Relatório da Sondagem ICS-ICSTE para SIC/Expresso, Outubro/Novembro 2021

As raízes deste puzzle são complexas e muito difíceis de perceber. Confesso que não as consigo deslindar. Deixo algumas pistas. Por um lado, os partidos políticos têm pouca capacidade de mudar. Não nos iludamos. Um potencial governo do PSD pouco mudaria as coisas. Teria apenas uma enorme vantagem: ao contrário do PS, os governos de direita são muitíssimo mais fiscalizados e alvo de escrutínio por parte da comunicação social. Um primeiro ministro de direita não conseguiria abanar os ombros, com um tom blasé, quando confrontando com os sucessivos escândalos em que seu o governo está envolvido. Por outro lado, a classe média Portuguesa continua em negação. Acima de tudo, não querer voltar a 2011, pelo menos enquanto for possível. O mérito de António Costa, e aqui tiro-lhe o chapéu, foi ter conseguido convencer os Portugueses de que o período 2011-2015 resultou de uma escolha malévola de um governo de direita e não de problemas estruturais do país.
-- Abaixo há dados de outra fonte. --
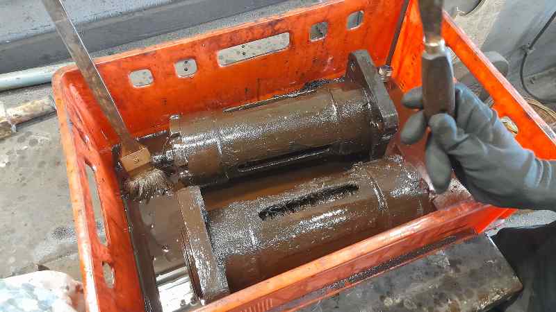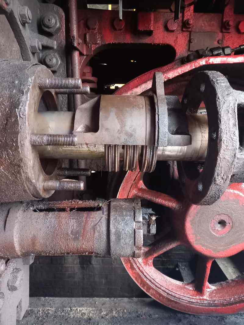 Weitere Unterhaltungsarbeiten standen an unserer Dampflok 50 3570 auf dem Programm. So wurden die Dichtungen geprüft, welche die Kolbenstangen gegen die Dampfzylinder abdichten geprüft und instand gesetzt. Bei den Dichtungen handelt es sich um metallene Ringe, die aus verschiedenen Segmenten bestehen, welche die Kolbenstangen umschließen. Diese Segmente werden durch Federn zusammengehalten, damit sie eng an den Kolbenstangen anliegen. Die Dichtwirkung nimmt mit der Zeit ab, weil sich zwischen den Segmenten Ölkohle ablagert und sich dadurch Spalte bilden.
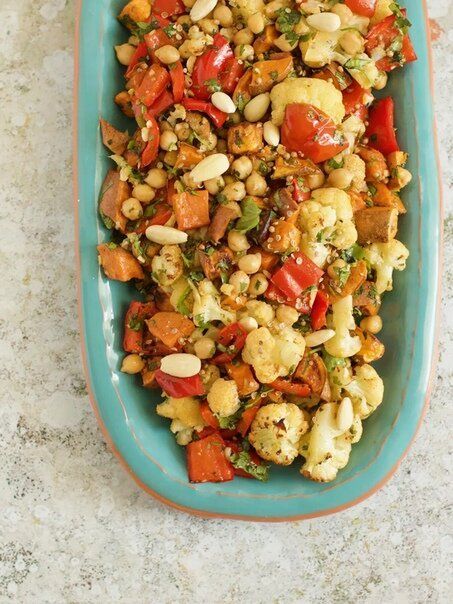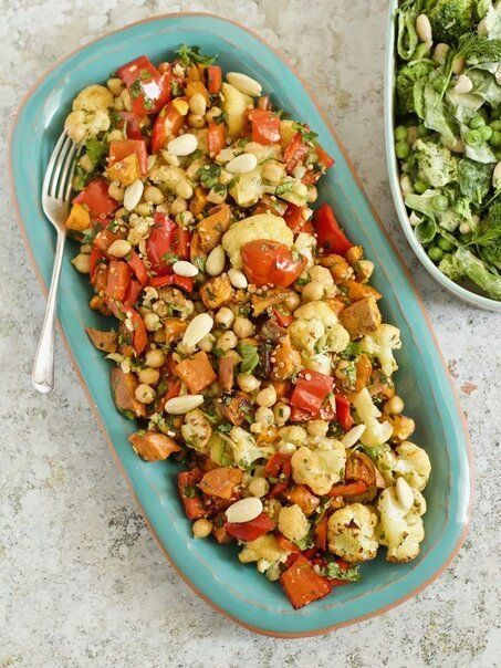 Запеченные овощи с нутом и миндалем
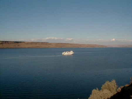 The view of the Columbia, looking up-river from the bluff at Hat Rock State Park. Our ship is anchored as we spend some time at this park.
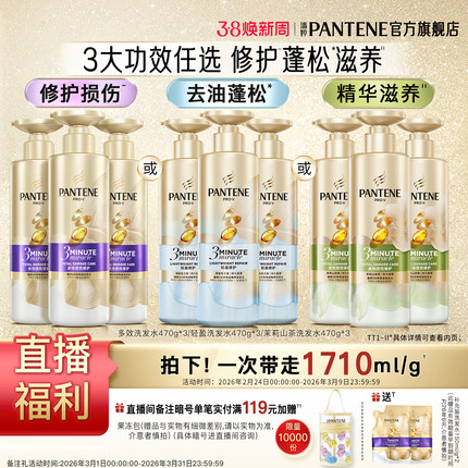 【店播专属】潘婷三分钟奇迹茉莉山茶花苍兰香洗发水女洗头膏蓬松
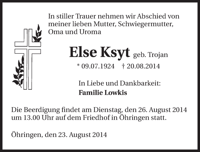 Hier finden Sie alle Traueranzeigen aus der Zeitung, die bisher für Else Ksyt erschienen sind. Weitere Traueranzeigen, die in der Zeitung erscheinen, werden hier ebenfalls aufgelistet
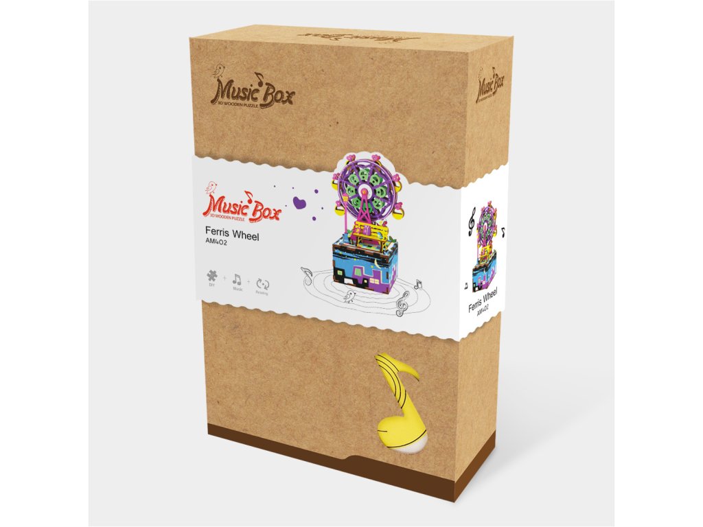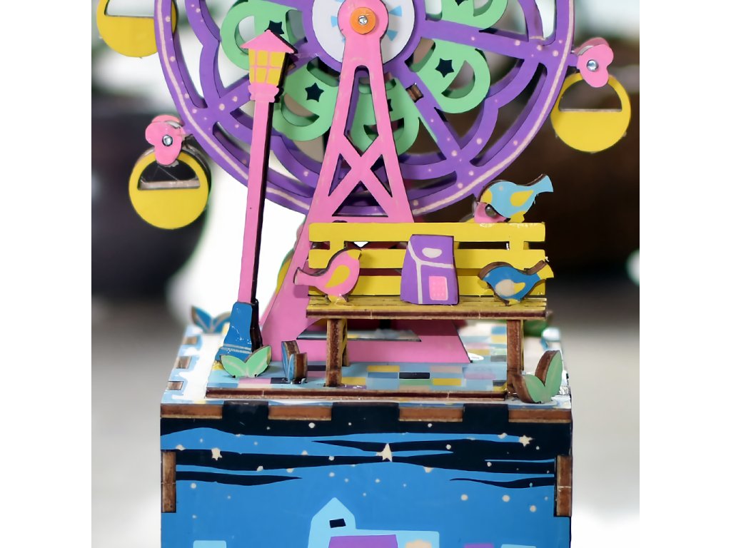 Detailní barevný model klasického kolotoče. Skládačky hracích skříněk Robotime jsou nabízeny v mnoha podobách, přírodních i barevných, lišících se nápaditými pohyblivými detaily doprovázejícími zvuk. Nezaskočí Vás svou náročností a po sestavení zkrášlí poličku. Nechte se unášet známými melodiemi, každá skříňka hraje jinou, odpovídající své výsledné podobě. Kvalitní natahovací 18 tónové strojky s japonskými komponenty zaručují čistý a dostatečně hlasitý projev. Skládačka je dodávána v nesloženém stavu, balena v krabici. Vybaveno detailním návodem k sestavení. Hlavní vlastnosti:melodie Castle In The Sky69 precizně vyřezaných potištěných dílkůstřední obtížnost sestaveníSizing info
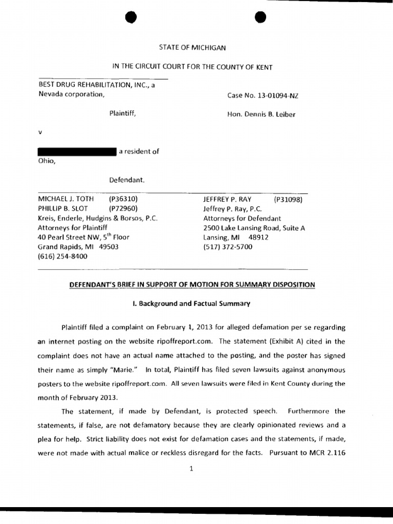 Defendant 2500 Lake Lansing Road, Suite A Lansing,

Com a política actual, Costa vai erodindo os serviços públicos e empobrecendo o país lentamente.

Na ausência de mudança, este puzzle marcará a política Portuguesa nos próximos dez anos. À medida que formos empobrecendo crescentemente face à União Europeia, este tema tornar-se-á altamente saliente. Não é por acaso que António Costa, quer na Assembleia da República, quer na recente entrevista à Visão, fez da Iniciativa Liberal um dos seus principais alvos. Este partido teve o mérito de trazer o puzzle que enunciei à tona, politizando-o. Antes da campanha de 2022, os termos do declínio de Portugal eram debatidos de forma difusa, beneficiando quem está no poder. De resto,  existem imensos trabalhos na ciência politica que demonstram que a mera existência de clivagens e de temas políticos não é suficiente. É necessário que um partido política escolha trazê-las para a arena política. Foi precisamente isso que a Iniciativa Liberal fez, prestando um óptimo serviço à democracia Portuguesa, apesar das soluções que este partido apresenta para solucionar o puzzle sejam, a meu ver, irrealistas e baseadas em ideias económicas com pouca sustentação empírica.

Este ano não foi ainda o momento da mudança. Dificilmente os próximos serão. No entanto, em 2022, Portugal começou já a enfrentar de frente a sua decadência nos termos devidos. É, pelo menos, um primeiro passo.